Dunning (1981) acknowledged that only way to fully explain the extent and pattern of the foreign value added activities of firms, one also had to explain why firms opted to generate and/or exploit their firm-specific advantages internally, rather than to acquire and/or sell these, or their rights, through the open market. Of the variables that are likely to cause firms to internalise markets, the likelihood and costs of a contractual default and the inability of a contractor to capture the external economies of any transaction are perhaps the two most important.
Each of these determinants of FDI relates to an advantage of direct investment over alternative modes of serving the firm's customers abroad. It means, therefore, that a firm can only capture a foreign market through FDI if it has the capacity to exploit simultaneously all the three advantages. If for instance, it possesses only the ownership advantage without internalisation and locational advantages, then it will pursue other strategies such as licensing agreements or exporting as a means of entering the foreign market.
Internalisation
Traditional trade theory (Helpman and Krugman, 1985; and Krugman and Obstfeld, 1994) asserts that the direction and magnitudes of capital flows are determined by differences in factor proportions among countries, which cannot be countered by international trade. Developing on Dunning's electric theory, Eiteman, Stonehill and Moffett (1995) emphasized the merits of internalisation. Under the internalisation theory, the key ingredient for maintaining a firm-specific competitive advantage is the possession of propriety information and control of the human capital that can generate new information through expertise in research, management, marketing and technology.

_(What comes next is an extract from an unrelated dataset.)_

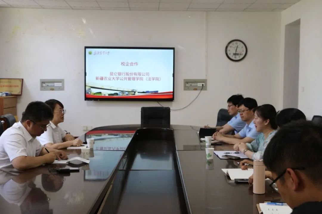 6月27日,昆仑银行股份有限公司乌鲁木齐分行人力资源部副总经理赵元、人力资源部员工管理岗齐磊一行来星空彩票体彩版公共管理学院(法学院)访问交流。公共管理学院(法学院)副院长杨晓萍,人资系系主任、副教授柴梅,教工第三党支部支部书记郑阳恒,教工第五党支部教师高鹏程,学工办辅导员张俊杰出席本次会议。

Moreover, Buckley and Casson (1976) discuss this theory of Internalisation further. Initially, they aimed to provide a theory of multinational enterprises (MNE) sufficiently powerful to afford long-term projections of the future growth and structure of MNEs. It emphasized very general forms of imperfect competition stemming from the costs of organizing markets, with a special focus on imperfections in intermediate product markets, including various types of knowledge and expertise, embodied in patents, human capital etc. They asserted that internalisation of such imperfect external markets, when this occurs across national boundaries, leads to the creation of MNEs.
Nonetheless, internalisation occurs only to the point where the benefits equal the costs. Here, it is interesting to observe that Buckley and Casson (1976) already recognized four sets of parameters relevant to the internalisation decision such as industry specific factors related to the nature of the product and the structure of the external market, region-specific factors, nation-specific factors, including government policies, and firm-specific factors, with a focus on the ability of the management to organize an internal market.